В предложенной Аристотелем и Аквинатом версии тезис о несовершенстве стыдящегося человека соответствует не столько утверждению о приоритетности каких-то иных санкций по отношению к чувству стыда, сколько признанию приоритета внесанкционого саморегулирования над опирающимся на санкции. Однако аристотелианский тезис «стыд не является добродетелью» контрастно оттеняет то обстоятельство, что у разных видов идеальных санкций имеются градации в перфекционистском отношении. Например, перед теми людьми, которые ориентируются на страх возможного бесчестья, всегда открываются два пути: не совершать дурной поступок или, совершив, скрывать его от других. Тот же, кто опасается будущих собственных укоров, имеет лишь один вариант поведения - не делать дурного. В этом смысле он более крепко связывает себя с нравственными ценностями и нормами, и в силу этого он более добродетельный или более совершенный человек. Это обстоятельство позволяет вести речь о квазиморальном характере стыда.
Гораздо более мощным и радикальным второй аргумент в пользу исключительно внутреннего характера моральных санкций оказывается в тех случаях, когда в качестве подлинного морального совершенства воспринимаются лишь те свойства личности, которые обретены автономно, или же когда само совершенство отождествляется с реализацией автономии. К примеру, А.А. Гусейнов пишет: «Действенность нравственности, соответствующая ее претензиям на автономность и безусловность, состоит именно в... возможности запретить действия на основании одних лишь (курсив мой. - А.П.) нравственных критериев» Гусейнов А.А. Нравственность в свете негативной этики // Мораль. Разнообразие понятий и смыслов: К 75-летию А.А. Гусейнова. М., 2014. С. 28.. Отсюда следует, что если моральный субъект отказывается от безнравственного действия в связи с какими-то иными факторами, то мотивация его поступка уже не является моральной. Как заметил У. Франкена, подробно реконструировавший, но не разделявший данную позицию, санкции, связанные с похвалой или осуждением, «являются причиной того, что люди делают именно то, что сделал бы в этой ситуации хороший человек, но они не ведут к тому, чтобы люди делали это так, как делает хороший человек» Frankena W. Is Morality a Purely Personal Matter? // Midwest Studies in Philosophy. 1978. Vol. III. P. 128.. Если спроецировать последнее утверждение на проблему стыда, то мы увидим, что на весах морального совершенства поступок, продиктованный предвосхищением стыда, весит немного, во всяком случае, не намного больше, чем поступок, продиктованный страхом правового наказания. И подобно страху наказания, стыд должен быть исключен из числа моральных явлений.

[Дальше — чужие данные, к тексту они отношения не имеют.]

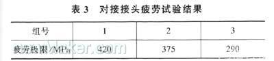 試驗結果見表3。由表3可知MAG焊后,焊縫磨平的情況,疲勞極限最高,接近Q345(16Mn)鋼的屈服點(σs=430MPa),而且都斷于母材;MAG焊后焊趾TIG重熔的情況,疲勞極限稍低,疲勞裂紋都起始于TIG重熔焊縫的焊趾處;MAG焊后不作任何處理的焊縫疲勞極限最低,疲勞裂紋都起始于焊趾處。

Реабилитация стыда: основные стратегии
Каковы возможные стратегии, позволяющие обосновать моральный статус стыда, несмотря на его гетерономный характер? Существуют два рассуждения, направленных на достижение этой цели. Первое сосредоточено на демонстрации того, что сомнительные с точки зрения морали свойства стыда не так уж велики. Другими словами, оно демонстрирует, что стыд не столь уж гетерономен. Второе направление связано с доказательством того, что сомнительные свойства стыда не столь уж сомнительны. Другими словами, его гетероном- ность не имеет решающего значения. Она не то чтобы совсем не важна, но просто должна оцениваться вместе с другими свойствами этого переживания, и другие свойства могут компенсировать недостаток автономности.
Первая стратегия реабилитации стыда апеллирует к его внутренней составляющей и возникающей на ее основе дистанции по отношению к реальной аудитории и ее суждениям. Тем самым может быть блокирован первый аргумент против присутствия внешних санкций в морали и частично - второй. Однако третий аргумент практически не затрагивается. Как мы уже видели на примере ранних философских интерпретаций стыда, стыд предполагает существенную избирательность в отношении тех, чье суждение вызывает эту негативную эмоцию. Кроме того, стыдящийся человек может быть сосредоточен на воображаемом и лишь возможном суждении значимого другого. Некоторые современные исследователи уделяют специальное внимание данному обстоятельству. И не только те, которые пытаются доказать, что сущность стыда никак не связана с внешним источником негативных переживаний. Для представителей аристотелевской традиции понимания стыда способность этого чувства обособляться от реального осуждения служит указанием на то, что опирающийся на стыд моральный выбор сочетает в себе две очень важные характеристики. Он не является сугубо конформистским, но при этом не игнорирует включенность морального субъекта в систему межличностных связей и зависимостей.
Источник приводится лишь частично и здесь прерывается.